[Data extracted from a collection]
● ● ●

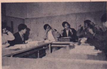
手話劇の台本読みをする皆さん

聾啞者の意志伝達の手段として行われているものに、口話法と手話法のふたつがあります。そのうちのひとつ、手話法の学習と研究、さらに広く普及させるために活動しているグループ「大館手話研究会」を紹介いたします。
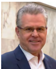
Pere Granados Carrillo Alcalde de Salou
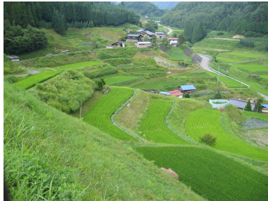
高山市郊外の田園景観
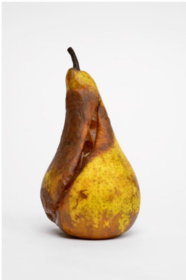
Poire 2016 format (max 90 x 60 cm )

● ● ●

* **About this task**
Exact copy, no pictures: set down all the entries again as they stand.

* **Response box**
手話劇の台本読みをする皆さん

聾啞者の意志伝達の手段として行われているものに、口話法と手話法のふたつがあります。そのうちのひとつ、手話法の学習と研究、さらに広く普及させるために活動しているグループ「大館手話研究会」を紹介いたします。
Pere Granados Carrillo Alcalde de Salou
高山市郊外の田園景観
Poire 2016 format (max 90 x 60 cm )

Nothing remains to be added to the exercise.